With the advice of some of the older dudes in the line up, we four ended up at the Great Central Steak and Hoagie place off Thompson.  The hoagies are made fresh, and their fries are really good too.  A regular sandwich will cost about $7, while a hoagie cost $8.08 (Hawaii’s number! Chee!!)  It was definitely great junk food for a post surf session.  You know it’s a great place when the only guys stopping in are beer-bellied white dudes with surfboards on top of their car.  In all honesty, it was way too much food.  hahahaha


Mahalos Mother Ocean for producing some fun ones for us today.  And special mahalos to all da boys today for making this cherry popping a pleasant and gentle one. 

Welcome Home and Happy New Year 011412


Surf Report: Close out three footers
Water: Cold
Atmosphere: Cloudy
Winds: Off shore

Today was my official day back from my cold.  I fell ill on the 29th of December, and wasn’t able to surf at all during the New Years.  In essence, I was and still am grateful I got sick, since I stayed home and studied my butt off for my Audit portion of the CPA exam, which was on January 9th.  So, after finishing the exam, I finally was able to paddle out on Saturday.

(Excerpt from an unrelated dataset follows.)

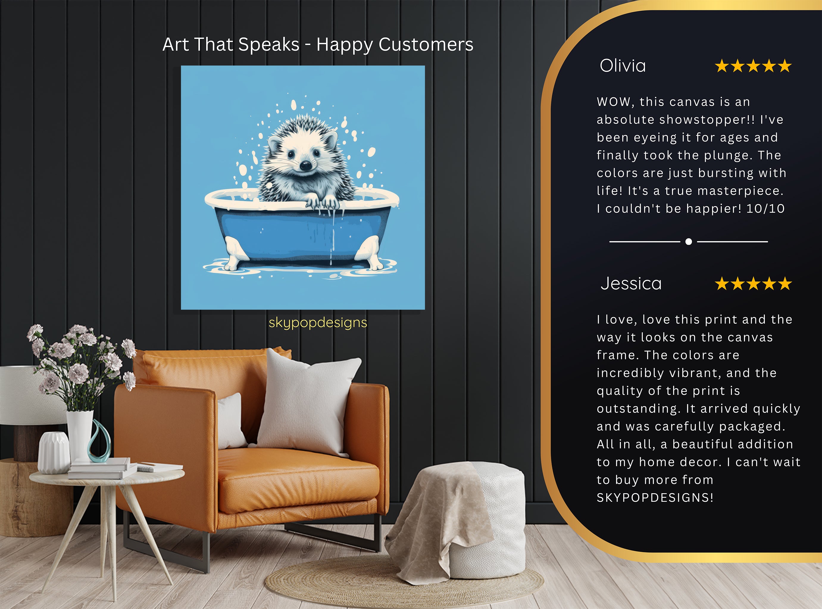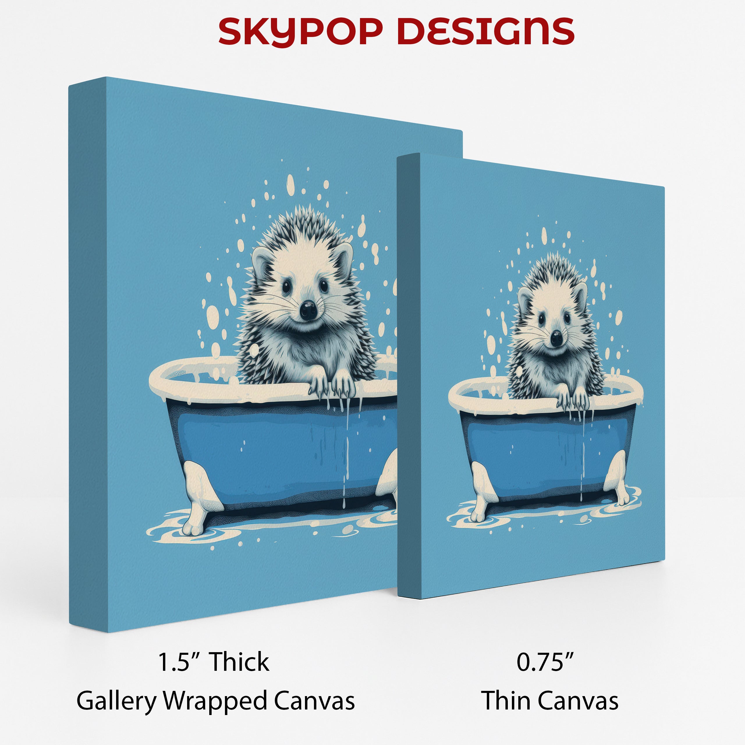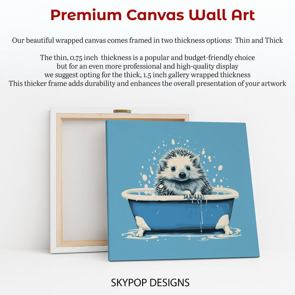 Keywords: Hedgehog art, Bath time art, Canvas wall art, Animal art, Whimsical art, Modern decor, Farmhouse decor, Bohemian decor, Bathroom art, Children's room decor, Bedroom decor, Living room art, Blue art, White art, Grey art, Black art, Hedgehog poster, Cute animal print, Home decor, Wall decor, Nursery art, Kids room art, Animal prints, Artistic flair, Unique wall decor, Gift for animal lover, Relaxation art, Playful art, Serene aesthetic, Contemporary art

The day started off slow as I woke up late.  I guess I wasn’t as stoked as I thought I would be to surf this morning.  I send out my texts saying that I’m late, and get my dad to come out and snap some photos of da boys surfing today.  He’s been cooped up in the house for weeks now, so it was a nice opportunity to get him out of the house and get some footage of da boys. 

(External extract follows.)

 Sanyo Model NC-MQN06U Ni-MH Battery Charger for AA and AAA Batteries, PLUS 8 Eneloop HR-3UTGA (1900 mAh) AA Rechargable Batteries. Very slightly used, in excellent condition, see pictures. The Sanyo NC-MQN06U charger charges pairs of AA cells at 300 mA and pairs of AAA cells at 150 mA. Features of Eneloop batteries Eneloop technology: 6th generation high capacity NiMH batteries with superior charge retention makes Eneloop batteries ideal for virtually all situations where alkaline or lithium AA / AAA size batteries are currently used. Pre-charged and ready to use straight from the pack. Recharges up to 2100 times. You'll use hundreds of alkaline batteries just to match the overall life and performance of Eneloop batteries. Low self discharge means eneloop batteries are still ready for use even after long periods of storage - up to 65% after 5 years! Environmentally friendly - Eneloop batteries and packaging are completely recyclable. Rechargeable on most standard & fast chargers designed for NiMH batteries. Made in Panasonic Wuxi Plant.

Unfortunately, none of us delivered.

Except for Khang.

Fransauce was already out in the water by 700.  He had work at 1000, so he left shortly after we arrived. 

DK, Dais, and I were just buoys in the line up.  We didn’t really catch much.  If we did catch something, they were all walls and white wash.  I couldn’t find a shoulder for the life of me.  I took two close outs, and that was it for my day. 

The Ocean definitely slapped me around a few times today.  It was her way of saying “Welcome Home.”  I guess I like being roughed up here and there, but the wipe outs weren’t that horrible.  It was actually pretty soft.  The waves would gently roll over me as I tossed and turned, curled up in a ball. 

My paddle is definitely weaker, since I found myself digging for the horizon when a thick wall approaches while waiting on the inside.  Two weeks ago, I would be making it out of harms way, but today, every close out clipped me.  I even had to ditch my board a few times, curl up in a ball, brace the lip smack, get pitched over the falls, then plunged into the sandy bottom.  I was glad I still had my breathing calm and heart rate down.  I came up with a smile for every close out I took on the head.

Back to Khang:  He just delivered today.  Or was being reckless.   Definitely reckless.  He saw the close outs, but still went for them.  He was barrel hunting the whole session.  I’m sure some of those wipe outs hurt, since he would get pummeled and clipped and thrashed around on every wave.  But he still kept charging.  I had front row seats for a left he dropped in to.  Well, it wasn’t a left, but he was going left.  It was just a fat close out, but he grabbed his rail and stuck the drop.  I think he started to slide out at the bottom because his body was hugging the face, and then the lip just crushed him into oblivion.  He dusted himself off and went straight back out to the line up, waiting for the next big wave. 

My dad later told me that Khang was the only one that he could use for photo opps, and the rest (namely Dais, DK, and myself) were kasu (trash in Japanese) with a laugh.  Indeed, we three didn’t do anything it seemed like.  Khang delivers the goods!!

Mahalos Mother Ocean.  Your benevolent ways of welcoming me back home will always be appreciated.